The psychological toll of leaving their home country to continue working on their art weighs heavily on them. “Escaparme de mí en Caripe o París/Una lejana canción sigue llamándome,” D'Arthenay sings, as the distance, separation and sadness become more palpable with each passing verse: “Escaping from myself in Caripe or Paris/A distant song keeps calling to me.”

La Lucha retains its emotional punch throughout the rest of the album, but D'Arthenay lifts the overall mood lyrically with each passing track. The short track “La Luna & el Sol” (“The Moon & the Sun”) marks a transition in the album's midpoint, with only four lines that describe how both the moon and the sun fall and rise every day, unperturbed by the world below them. D'Arthenay spends the rest of the album singing and describing in various metaphors and emotions what Ernest Hemingway conveyed in For Whom the Bell Tolls: “The world is a fine place and worth the fighting for and I hate very much to leave it.”

“When I started writing La Lucha, the most struggling thought that I had was the fact that, with Será, I didn't contribute to things,” says D'Arthenay, who has written all of the band's song lyrics since day one. “I believe it was selfish in a way. My surroundings were burning. My life was in a very dark phase so I saw it [with] tunnel vision. Either it will be light or it will be dark … north pole or south pole.”

D'Arthenay made one final trip to Venezuela to visit his family following his mother's death two years ago. “I believe that the cancer with my mom taught me a lot, because we have to be patient and you have to understand that life is a very weird thing,” he says. He spent a few days there holed up in his old home, armed with the thousands of audio files stored in his audio recorder and laptop, organizing and labeling them all to begin the process of creating the new record with his bandmates in Mexico City.

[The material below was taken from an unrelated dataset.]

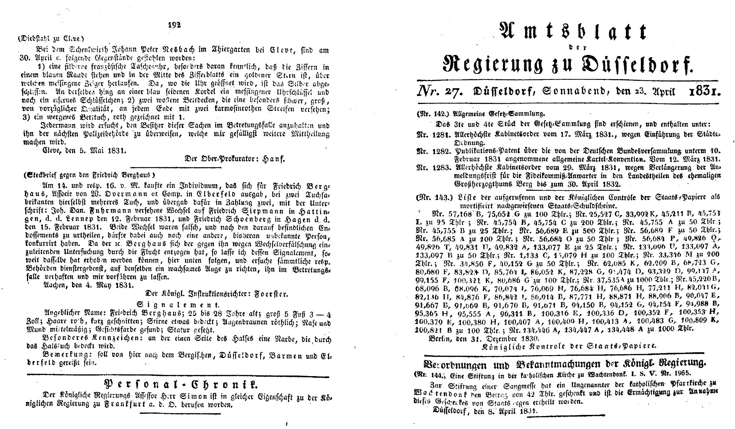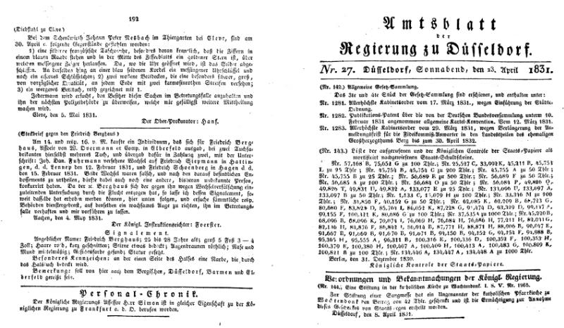 | aktuell | 08:05, 26. Mai 2012 | 2.531 × 2.933, 31 Seiten (2,94 MB) | KlausErdmann (Diskussion • Beiträge) | {{Information |Beschreibung = ;Amtsblatt der Königlichen Regierung zu Düsseldorf :Jahrgang 1831 - Mai |Quelle = Gemeindearchiv Rommerskirchen |Urheber = Scan & Repro: Klaus Erdmann ''(25.05.2012)'' |Datum = Mai 1831 |Genehmigung = |

“It's like gardening, you know?” he concludes. “When you garden, you have to be very patient. Things don't grow from one day to another, the same way they don't die from one day to another. I really thought the new stuff I had to write … even though I could acknowledge things I don't agree with, it doesn't have to be north pole or south pole. There's a lot of color in the midst of it, you know, funny things, ridiculous things, and things that make you cry and things that speak to your inner child.”

La Vida Bohème's La Lucha comes out on Friday, March 24, via Nacional Records. They perform at the Parish at the House of Blues Anaheim on Saturday, March 25.